== Instructions to follow ==
Retype the data below exactly; skip every image.
====
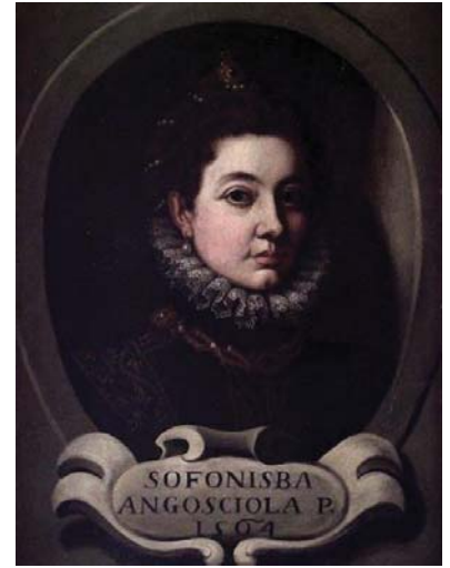
Fig. 42, BERNARDO CASTELLO Copia Autorretrato de Sofonisba Anguissola , 1620 Roma, Academia de San Luca
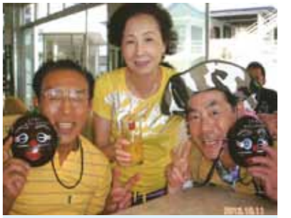
セブの庄巻の大自然、島民の純朴な国民性に真っ青! 人間の快楽本能をくすぐる魔性の魅力、旅の第一選択肢は「先ずセブ島ありき」でOK

旅の醍醐味を満喫する条件、それは「何処へ行くか?」ではなく、誰と行くか?」である。これは70歳の私が趣味として来た長い旅行人生で一貫して主張して来た旅のポリシーであります。旅は即ち「誰と行くか」が最優先課題であり「何処へ行くか」の旅の目的地は第二選択肢でありました。しかし今般セブ島を訪れてみて、このセオリーを大幅に修正しなければならぬ時がついに来たか、の感じみじみ...。私は今回が初めての参加、同行メンバーは計6名、ほとんどの方が初対面。どちらかと言うと私は「人見知りの激しいヘンなおっさん」タイプ人間。しかし滞在した7泊8日で、それはそれはみんな打ち解けザンマイ、10年来の旧知の間柄を更に超えて「刎頸の交わり」に近い高密度の人間関係が構築できました。その背景にあったもの、それはセブの庄巻の大自然、島民の純朴な国民性、コーラルポイントリゾートのメイドさんの心温まる日本人も真っ青なおもてなし、更に男女を問わず全ての年代の旅人を歓喜なまでに愉しませるマリンスポーツの充実、そして何よりもエステやダンス、それにカジノなど、人間の快楽本能をくすぐる魔性の魅力がこの島には満ち満ちていたから、にほかありません。そうです! セブ旅行に限っては「誰と行くか」の同行者選択は初対面者同士でも全く異論なし。旅の第一選択肢は「先ずセブ島ありき」でOK、この際、「誰と行くか」は、セブに限って第二選択肢に降格されても何の問題はありません。但し、これは私にとって旅のポリシーを見直す、自分史の大事件ではありますが...。いつもの仲間よし、ファミリーもよし、恋人同士は更によし、勿論夫婦もよし、それに一人旅だって、いやいや、見ず知らずの者同士だって即竹馬の友。すべての旅人を分け隔てなく受け入れ、それこそ旅の初心者も、エキスパートも、人それぞれの旅の価値観を大きく覆す「珠玉の歓喜と悦楽の時間がたおやかに流れる」まさにそんな卓越した安堵空間がこのセブには限りなく広がっています。こころを込めて「ありがとうセブ島、そして同行の仲間たち...」
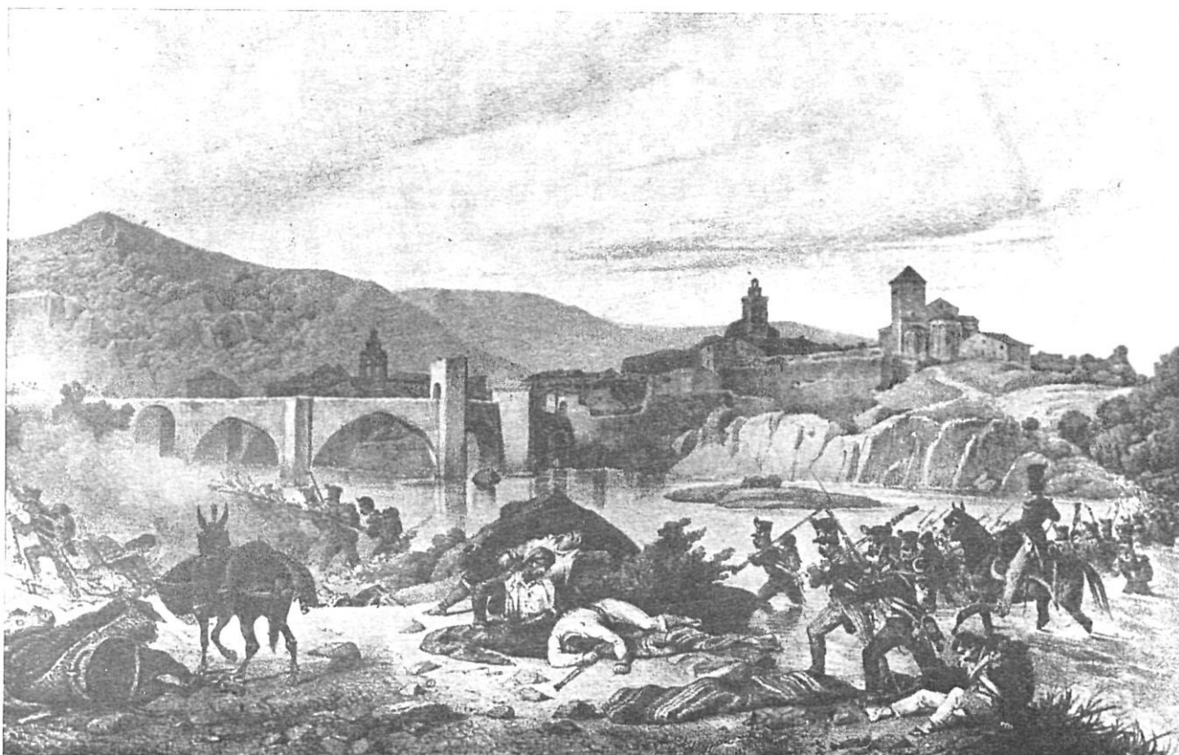
Grabado de J. Ch. Langlois — Guerra de la Independencia

copia algo metamorfoseada debida a mano ajena? Sea lo que fuere, no podemos considerar la acuarela más que como simple variante del grabado.
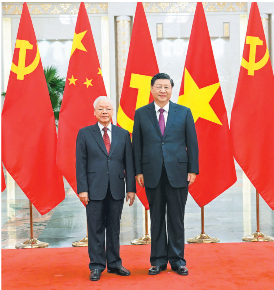
10月31日,中共中央总书记、国家主席习近平在北京人民大会堂同越共中央总书记阮富仲举行会谈。这是会谈前,习近平在人民大会堂北大厅为阮富仲举行欢迎仪式。
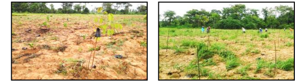
ภาพพื้นที่ก่อนดำเนินการ
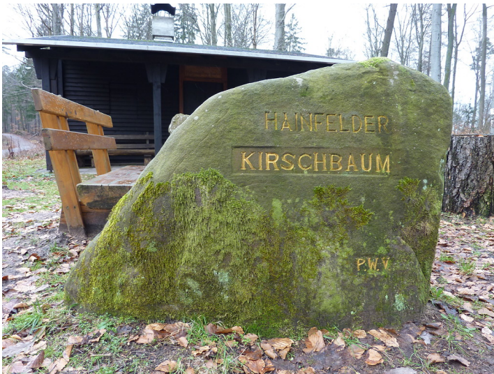
Ritterstein Nr. 77 Hainfelder Kirschbaum südlich von Helmbach und Appenthal (2013)
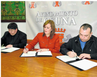
El Ayuntamiento de Osuna y la archidiócesis de Sevilla firman un convenio de colaboración.

Con respecto al horario de apertura de la iglesia de Consolación para poder ser visitada, el párroco de la misma comentó que el horario de invierno será, todos los días de estará a abierta todos los días de cinco a siete de la tarde, excepto los jueves. En verano, se cambiará de siete a nueve de la noche. ■
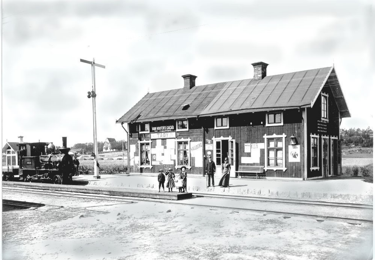
Den förenade post- och järnvägsstationen i Täby Kyrkby utmed Roslagsbanan Stockholm-Rimbo. Obs. reklamskylden Van Heutens Cacao på stationsbyggnaden. Möjligen tidigt exempel på intäkter från reklam.
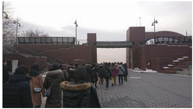
メトロポリタン美術館に行く途中、バッテリーパークから自由の女神を見学
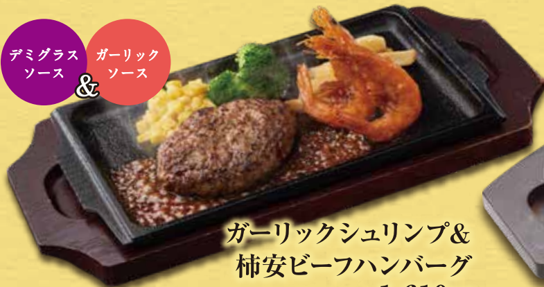
ガーリックシュリンプ & 柿安ビーフハンバーグ
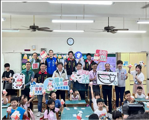
主辦市府國產乳品宣導記者會
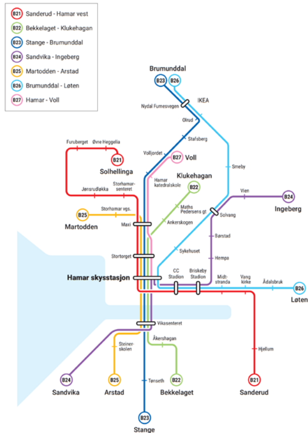
Figur 3: Kartet viser rutestrukturen fra 2020 som bygger videre på prinsippene om enkel og effektiv rutestruktur.
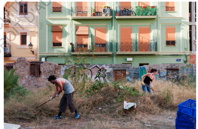
Solar Corona : Aménagement du site par les bénévoles. Collectif EspaiMGR, 2011

Okupa trouve de l'ampleur après les manifestations du 15-M (15 mai 2011). Le mouvement contestataire, organisé par los Indignados, critique les mesures d'austérité du gouvernement Zapatero (PSOE) ainsi que le système capitaliste responsable de la crise sociale. L'événement crée une dynamique, dont naîtra en 2014 Podemos, un parti politique social et citoyen, moteur du renouveau politique espagnol.
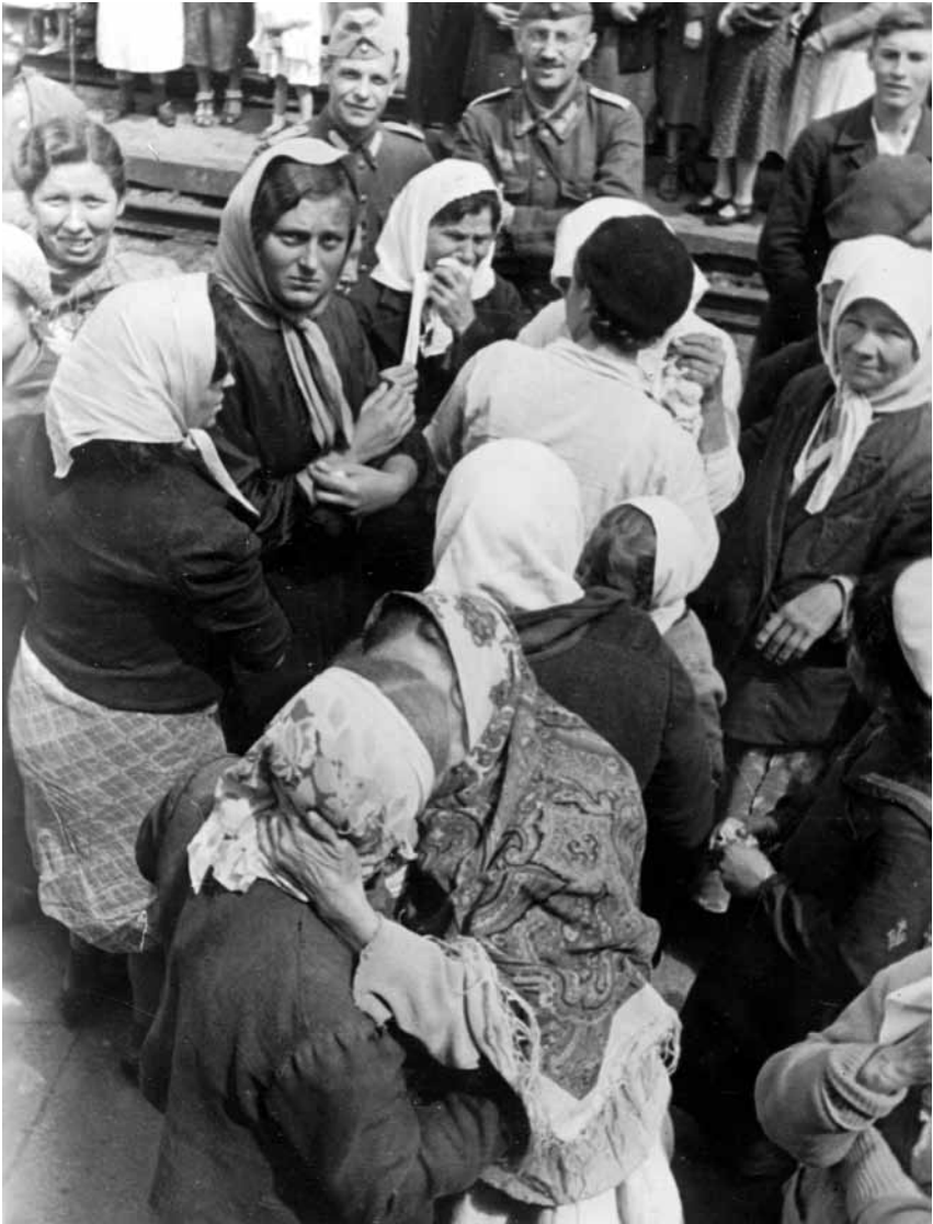
Українські примусові робітники прощаються із рідними на залізничній станції, 1942 р..

дель та начальник СД Бердичева обговорили майбутнє козятинського табору і прийняли рішення очистити табір від «ледачих елементів та тих, хто уникає праці». «Невідповідних» в'язнів передавали в руки СД та вбивали, а кваліфікованих робітників призначали на роботу на німецькій залізниці та на приватні фірми 109 .
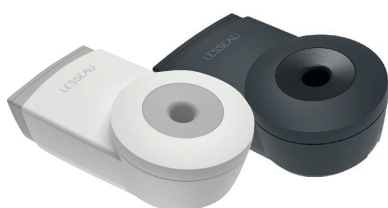
Distributeur automatique de pain de lavage solide blanc ou noir
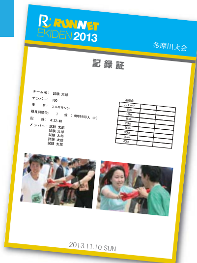
※イメージサンプルですので、実際のデザインとは若干異なります。

大会の約1週間後より、チームの写真付き記録証がインターネットから入手できます。Web上でダウンロードし、チーム人数分プリントアウトして配ったり、ブログなどに貼り付けて思い出の記録をそれぞれにお楽しみください。ダウンロード方法の詳細は、RUNNETにてご確認ください。
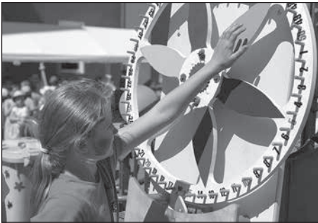
Ein kunterbuntes Fest zum Kindertag wurde auf dem Schulhof der Praßerschule gefeiert.
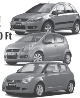
Az ajánlat nem teljes körű, a részleteket érdeklődésünkre szívesen megválaszoljuk!

Augusztus 1-jétől kizárólag a készlet erejéig! Az ajánlat más kedvezménnyel nem vonható össze!
====
== Answer to the exercise ==
Fig. 42, BERNARDO CASTELLO Copia Autorretrato de Sofonisba Anguissola , 1620 Roma, Academia de San Luca
セブの庄巻の大自然、島民の純朴な国民性に真っ青! 人間の快楽本能をくすぐる魔性の魅力、旅の第一選択肢は「先ずセブ島ありき」でOK

旅の醍醐味を満喫する条件、それは「何処へ行くか?」ではなく、誰と行くか?」である。これは70歳の私が趣味として来た長い旅行人生で一貫して主張して来た旅のポリシーであります。旅は即ち「誰と行くか」が最優先課題であり「何処へ行くか」の旅の目的地は第二選択肢でありました。しかし今般セブ島を訪れてみて、このセオリーを大幅に修正しなければならぬ時がついに来たか、の感じみじみ...。私は今回が初めての参加、同行メンバーは計6名、ほとんどの方が初対面。どちらかと言うと私は「人見知りの激しいヘンなおっさん」タイプ人間。しかし滞在した7泊8日で、それはそれはみんな打ち解けザンマイ、10年来の旧知の間柄を更に超えて「刎頸の交わり」に近い高密度の人間関係が構築できました。その背景にあったもの、それはセブの庄巻の大自然、島民の純朴な国民性、コーラルポイントリゾートのメイドさんの心温まる日本人も真っ青なおもてなし、更に男女を問わず全ての年代の旅人を歓喜なまでに愉しませるマリンスポーツの充実、そして何よりもエステやダンス、それにカジノなど、人間の快楽本能をくすぐる魔性の魅力がこの島には満ち満ちていたから、にほかありません。そうです! セブ旅行に限っては「誰と行くか」の同行者選択は初対面者同士でも全く異論なし。旅の第一選択肢は「先ずセブ島ありき」でOK、この際、「誰と行くか」は、セブに限って第二選択肢に降格されても何の問題はありません。但し、これは私にとって旅のポリシーを見直す、自分史の大事件ではありますが...。いつもの仲間よし、ファミリーもよし、恋人同士は更によし、勿論夫婦もよし、それに一人旅だって、いやいや、見ず知らずの者同士だって即竹馬の友。すべての旅人を分け隔てなく受け入れ、それこそ旅の初心者も、エキスパートも、人それぞれの旅の価値観を大きく覆す「珠玉の歓喜と悦楽の時間がたおやかに流れる」まさにそんな卓越した安堵空間がこのセブには限りなく広がっています。こころを込めて「ありがとうセブ島、そして同行の仲間たち...」
Grabado de J. Ch. Langlois — Guerra de la Independencia

copia algo metamorfoseada debida a mano ajena? Sea lo que fuere, no podemos considerar la acuarela más que como simple variante del grabado.
10月31日,中共中央总书记、国家主席习近平在北京人民大会堂同越共中央总书记阮富仲举行会谈。这是会谈前,习近平在人民大会堂北大厅为阮富仲举行欢迎仪式。
ภาพพื้นที่ก่อนดำเนินการ
Ritterstein Nr. 77 Hainfelder Kirschbaum südlich von Helmbach und Appenthal (2013)
El Ayuntamiento de Osuna y la archidiócesis de Sevilla firman un convenio de colaboración.

Con respecto al horario de apertura de la iglesia de Consolación para poder ser visitada, el párroco de la misma comentó que el horario de invierno será, todos los días de estará a abierta todos los días de cinco a siete de la tarde, excepto los jueves. En verano, se cambiará de siete a nueve de la noche. ■
Den förenade post- och järnvägsstationen i Täby Kyrkby utmed Roslagsbanan Stockholm-Rimbo. Obs. reklamskylden Van Heutens Cacao på stationsbyggnaden. Möjligen tidigt exempel på intäkter från reklam.
メトロポリタン美術館に行く途中、バッテリーパークから自由の女神を見学
ガーリックシュリンプ & 柿安ビーフハンバーグ
主辦市府國產乳品宣導記者會
Figur 3: Kartet viser rutestrukturen fra 2020 som bygger videre på prinsippene om enkel og effektiv rutestruktur.
Solar Corona : Aménagement du site par les bénévoles. Collectif EspaiMGR, 2011

Okupa trouve de l'ampleur après les manifestations du 15-M (15 mai 2011). Le mouvement contestataire, organisé par los Indignados, critique les mesures d'austérité du gouvernement Zapatero (PSOE) ainsi que le système capitaliste responsable de la crise sociale. L'événement crée une dynamique, dont naîtra en 2014 Podemos, un parti politique social et citoyen, moteur du renouveau politique espagnol.
Українські примусові робітники прощаються із рідними на залізничній станції, 1942 р..

дель та начальник СД Бердичева обговорили майбутнє козятинського табору і прийняли рішення очистити табір від «ледачих елементів та тих, хто уникає праці». «Невідповідних» в'язнів передавали в руки СД та вбивали, а кваліфікованих робітників призначали на роботу на німецькій залізниці та на приватні фірми 109 .
Distributeur automatique de pain de lavage solide blanc ou noir
※イメージサンプルですので、実際のデザインとは若干異なります。

大会の約1週間後より、チームの写真付き記録証がインターネットから入手できます。Web上でダウンロードし、チーム人数分プリントアウトして配ったり、ブログなどに貼り付けて思い出の記録をそれぞれにお楽しみください。ダウンロード方法の詳細は、RUNNETにてご確認ください。
Ein kunterbuntes Fest zum Kindertag wurde auf dem Schulhof der Praßerschule gefeiert.
Az ajánlat nem teljes körű, a részleteket érdeklődésünkre szívesen megválaszoljuk!

Augusztus 1-jétől kizárólag a készlet erejéig! Az ajánlat más kedvezménnyel nem vonható össze!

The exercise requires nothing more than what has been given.